The station was completed in 1970 along with the rest of Phase 1 of Line 1, and was officially put into operation in March 1973. Since the station was not open to the public, after its completion, its site code, No.53, was used as the official name of the station. In the dispatching system of the Beijing Rail Transit Command Center, the station was called Wusan Station.

In 1988, the new building of the metro technical school was completed near the entrance of Station 52. In order to facilitate the students of the technical school to go to and from school, two Line 1 trains operated to and from here, with one in the morning and one in the evening every weekday. The train continues to carry passengers after arriving at Pingguoyuan Station, stops at Station 52, and arrives to this station as its final stop. Technical school students board by showing their student cards. According to the internal regulations of the subway, Station 52 and 53 are non-operational stations and outsiders are not allowed to enter and take the train. However, local villagers often violate the rules and take the train.

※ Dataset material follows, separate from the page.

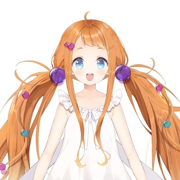 She has long, orange-brown hair arranged in twintails, while her eyes have blue irises. She has several blue and pink hair accessories adorning her hair, and she wears a white frilly dress. She also has a toggle for a pastel see-through jacket.

Since Station 53 is close to the Gaojing Community and both its entrance and exit are located within Courtyard No. Jia-32 (甲32号), Gaojing (高井), "Gaojing Station" became a colloquial name for the station. The Shijingshan District Government and Beijing Morning Post also call it "Gaojing Station". "Fushouling Station" has now become the most common name for Station 52, and in September 2023, it has become the name that Station 52 will take when it opens to the public.

Starting from May 28, 2007, commuter trains no longer run, and Station 53 was closed again.

For training security staff in the then-upcoming 2008 Beijing Olympics, a train was parked inside Gaojing Station to simulate an urban transit environment, and the installed fake station nameplates read "Xiyuan Station" (西苑站). It is unclear if this was an effort to replicate the Xiyuan station on Line 4 which opened in 2009.

In the 2022 Shijingshan District Work Plan, Line 1 Gaojing Station Activation Plan Preliminary Study was mentioned.

==Structure==
This station is located in the Western Hills. It has a 2-track island platform. The South track is connected to Sanjiadian Railway Station via the 491 line, but the 491 line was long since disused and its tracks were lifted in 2010. The entry method is complicated and dangerous (the station is located in a military-controlled area). The station is completely different in structure from passenger stations. The platform is relatively narrow, the walls inside the station are painted white lime, the ceiling is low, and the lighting facilities are relatively simple.